A cell containing smallpox viruses, as captured by transmission electron microscopy
Smallpox was declared eradicated in 1980 by the World Health Organization, after an effort to vaccinate the globe. But several vials labeled as the disease were found at a Pennsylvania vaccine research facility belonging to Merck, when a laboratory worker was cleaning out a freezer.
There’s no indication that anyone was exposed to the vials, the CDC told CNN in an email. The lab worker was wearing gloves and a face mask, and the FBI is now investigating.
The incident is similar to one in 2014, when employees of the National Institutes of Health found six vials of smallpox in an unused storage room while packing up a lab in Bethesda, MD. Two of those vials had viable doses of the virus, but there was no evidence, at the time, that anyone had been exposed to it.

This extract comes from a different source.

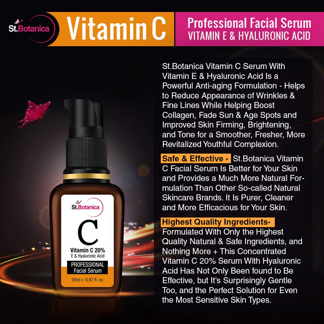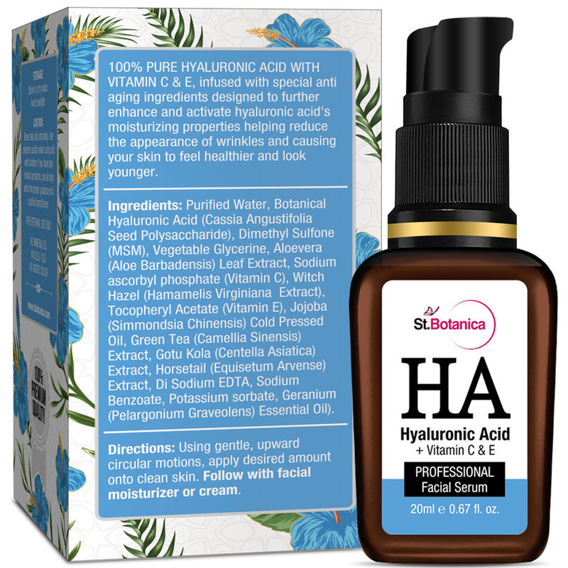 Where many celebrities are getting hyaluronic injections to get youthful skin stbotanica has brought into the indian market an extremely promising and effective serum which not only contains hyaluronic acid but also vitamin e and vitamin c. Botanica vitamin c 20 vitamin e and hyaluronic acid fairness brightening facial serum. Stbotanica vitamin c serum with vitamin e hyaluronic acid is a powerful anti aging formulation helps to reduce appearance of wrinkles fine lines while helping boost collagen fade sun age spots and improved skin firming brightening and tone for a smoother fresher more revitalized youthful complexion.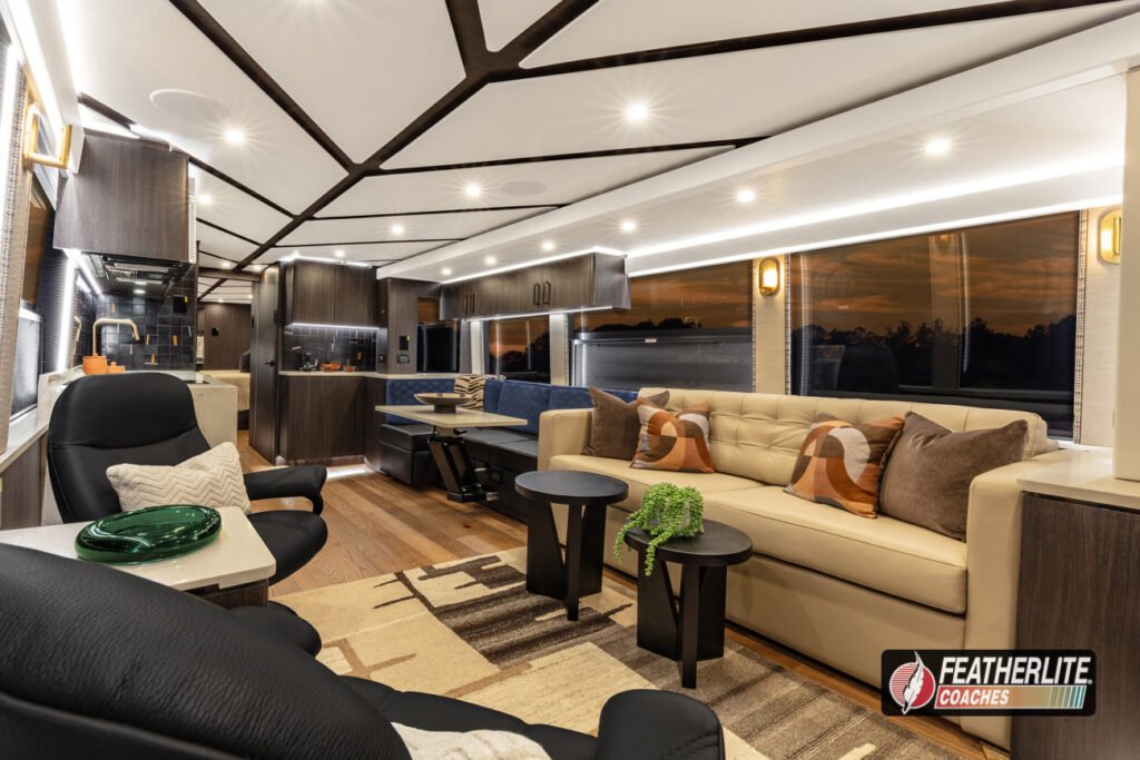 Cherohala is one of the most scenic byways in the United States and as such, a befitting moniker for this stunning 2026 Featherlite Coaches Prevost H conversion motor coach. Now available at Featherlite Coaches, Cherohala is a bath & half, double-slide featuring offering the most high performance coach ownership experience available wrapped in luxurious packaging.

There’s been an ongoing debate among scientists whether or not to keep around samples of the virus. Routine vaccinations against the virus stopped in 1972, CNN said, but some military personnel still get the jab. Meanwhile, boosters are recommended every 3 to 5 years by the CDC.
‘Because of concern that variola virus might be used as an agent of bioterrorism, the US government has stockpiled enough smallpox vaccine to vaccinate everyone who would need it if a smallpox outbreak were to occur,’ the CDC says on its website. ‘When there is NO smallpox outbreak, you should get the smallpox vaccine if you are … a lab worker who works with virus that causes smallpox or other viruses that are similar to it.
‘When there is a smallpox outbreak, you should get the smallpox vaccine if you are directly exposed to smallpox virus.’
The smallpox vaccine is not administered in a shot, like other vaccines, but rather, given with a two-pronged needle that is dipped into the vaccine solution, then pricks the skin several times. That is not deep but will cause a sore spot, and lead to a red lesion developing in three or four days.
Right now, there are only two labs in the world that are authorized to store the virus, a CDC site in Atlanta and another in Russia.
Neither Merck, nor the CDC responded to requests for comment by Endpoints News as of publication.
Smallpox’s history dates as far back as the 6th century, when an increase in trade between China and Korea brought the virus to Japan. On average, three of every 10 people who contracted the virus died, and those who survived often were left with severe scarring.
In 1959, the WHO started a plan to rid the world of the virus, and cases were eliminated in North America and Europe by 1953. The last person to have active smallpox was a 3-year-old from Bangladesh in 1975, and the last person to die of smallpox was a medical photographer at Birmingham University Medical School. She died in 1978.